One of my college professors (who attended Princeton and MIT) once told me that in his observation, the top 5 percentile students in (good) state schools aren't that different from the kids who went to Princeton or MIT. I didn't believe him at the time, but having worked with different folks over the years, my experience inclines me to believe that there's some truth in that observation.

Owing to its population and economy, the U.S. has a large enough talent pool that the top percentile students at large, well-funded state schools (of which UMN is an example) are plenty smart. If you were to meet the really smart top-5-percentile kids from such state colleges (I have), you'd have no doubt that many of them could have attended MIT or CMU.

To be sure, good colleges can give you a headstart in life -- but it's what you do with that advantage that counts.

--

Examples of smart computer folk who went to decent, but non-elite schools for undergrad:

Doug Crockford (Javascript), SFSU

JJ Allaire (ColdFusion, Rstudio, etc.), Macalester College

Ward Cunningham (Wikis), Purdue

Rich Hickey (Clojure), SUNY Empire State (though he did go to Berklee College of Music)

John Carmack (Doom, Quake), U. Missouri Kansas City

Sergey Brin (Google), U. Maryland College Park (before Stanford)

Larry Page (Google), U. Michigan (before Stanford)

Dave Cutler (VMS, Windows NT), Olivet College

Bram Cohen (BitTorrent), U at Buffalo

Ryan Dahl (Node.js), UCSD, then U Rochester

Larry Wall (Perl), Seattle Pacific U (before Berkeley)

Alan Kay (Smalltalk, windowing GUIs), U Colorado, then U Utah.

Brendan Eich (Javascript, Mozilla), Santa Clara U (before UIUC)

2 comments

Thanks for the list but I am not entirely sure about Sergey Brin and Larry Page’s alma mater.
Interesting fact: those two went on to create the search engine Google. You should check it out.
I meant I am not sure about their alma mater not being among the top reputed universities in USA, meaning I implied they were indeed from one of the top reputed universities in USA.

Apologies for not making myself clear enough :(

You can google them. :)
> Owing to its population and economy, the U.S. has a large enough talent pool that the top percentile students at large, well-funded state schools (of which UMN is an example) are plenty smart. If you were to meet the really smart top-5-percentile kids from such state colleges (I have), you'd have no doubt that many of them could have attended MIT or CMU.

> To be sure, good colleges can give you a headstart in life -- but it's what you do with that advantage that counts.

I just graduated undergrad from a state school (Rank #49 in CS) but I'm still pretty skeptical of this fact.

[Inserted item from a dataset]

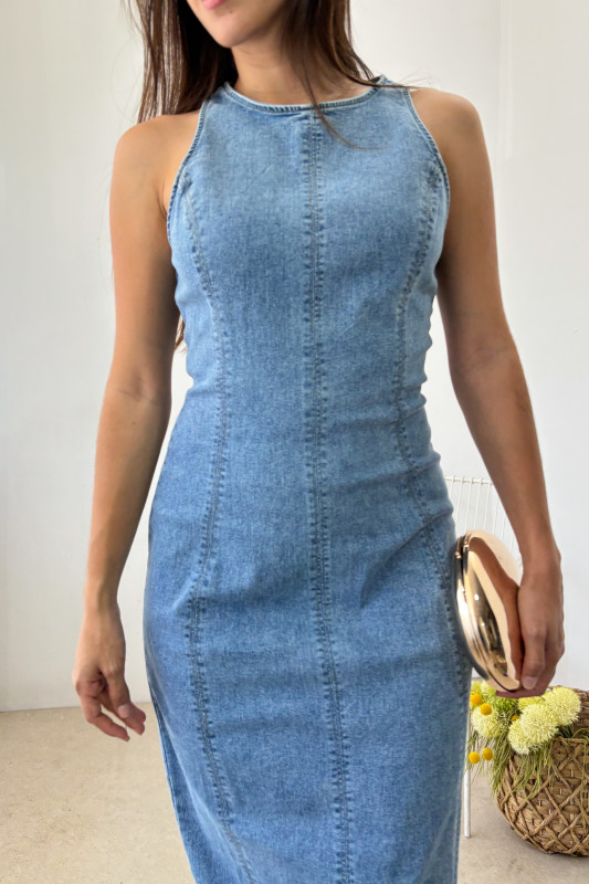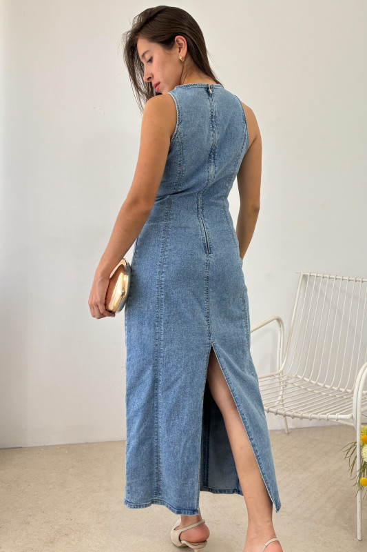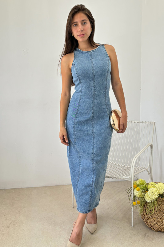 Vestido largo midi en mezclilla estrech tono medio, corte semi ajustado con cierre en espalda y apertura baja.

Then it says more about you than it does about those schools.
I graduated from a school that I think was #40 when I was there and got a job at one of the top tier companies but each person has their own experiences. Now people couldn't care less about where I went to college (also fun fact my GPA was 3.2 so it wasn't even that good but luckily no one cares about that either).